**Work instruction**
Only the lines from the beginning of the entries through the one with "In-12 (160 x" should be written out, please, exactly and without any pictures.

━━━━━━━━━━━━━━━━━━━━

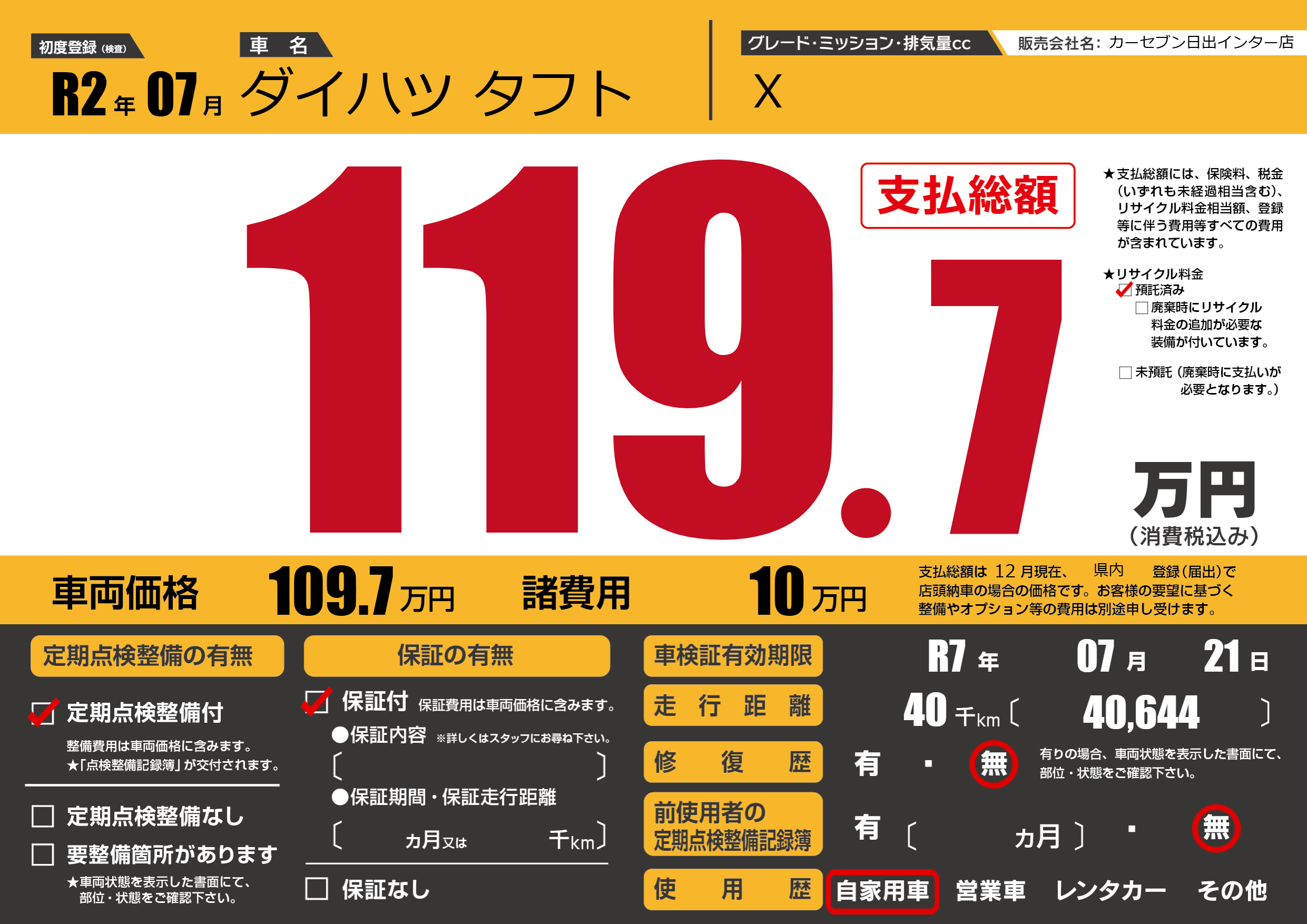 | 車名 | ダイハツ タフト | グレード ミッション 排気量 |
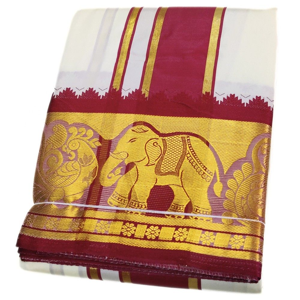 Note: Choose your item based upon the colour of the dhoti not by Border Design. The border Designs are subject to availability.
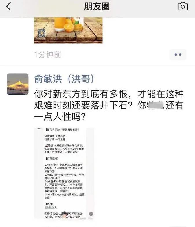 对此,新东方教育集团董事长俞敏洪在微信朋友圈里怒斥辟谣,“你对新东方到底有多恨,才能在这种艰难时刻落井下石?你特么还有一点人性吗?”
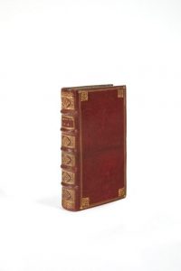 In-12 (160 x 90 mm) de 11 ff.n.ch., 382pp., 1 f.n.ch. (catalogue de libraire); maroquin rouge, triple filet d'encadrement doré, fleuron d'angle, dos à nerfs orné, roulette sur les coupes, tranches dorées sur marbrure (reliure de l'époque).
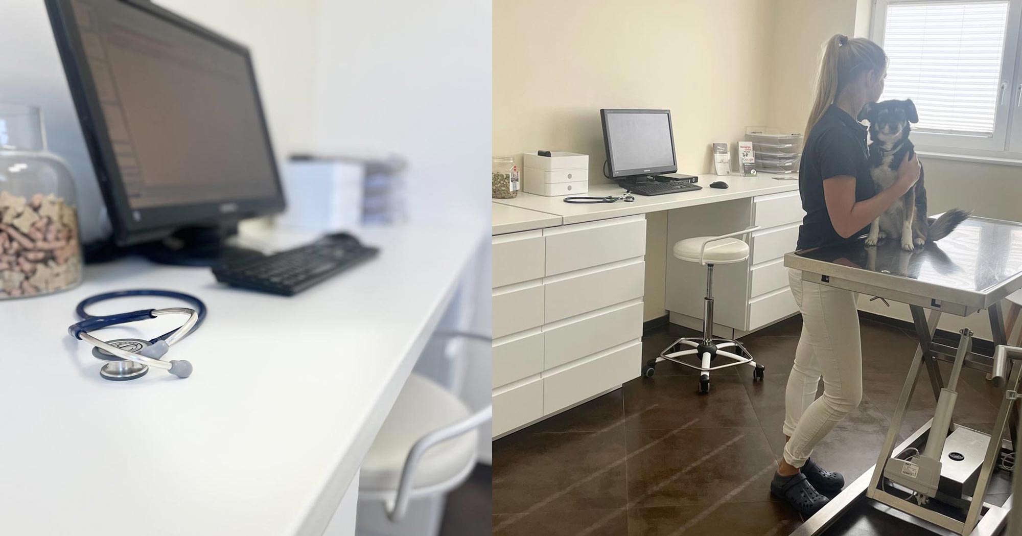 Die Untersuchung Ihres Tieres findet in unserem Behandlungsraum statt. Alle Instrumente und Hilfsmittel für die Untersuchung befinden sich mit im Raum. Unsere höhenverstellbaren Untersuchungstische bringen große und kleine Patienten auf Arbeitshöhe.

━━━━━━━━━━━━━━━━━━━━

**Output below**
 | 車名 | ダイハツ タフト | グレード ミッション 排気量 |
 Note: Choose your item based upon the colour of the dhoti not by Border Design. The border Designs are subject to availability.
 对此,新东方教育集团董事长俞敏洪在微信朋友圈里怒斥辟谣,“你对新东方到底有多恨,才能在这种艰难时刻落井下石?你特么还有一点人性吗?”
 In-12 (160 x 90 mm) de 11 ff.n.ch., 382pp., 1 f.n.ch. (catalogue de libraire); maroquin rouge, triple filet d'encadrement doré, fleuron d'angle, dos à nerfs orné, roulette sur les coupes, tranches dorées sur marbrure (reliure de l'époque).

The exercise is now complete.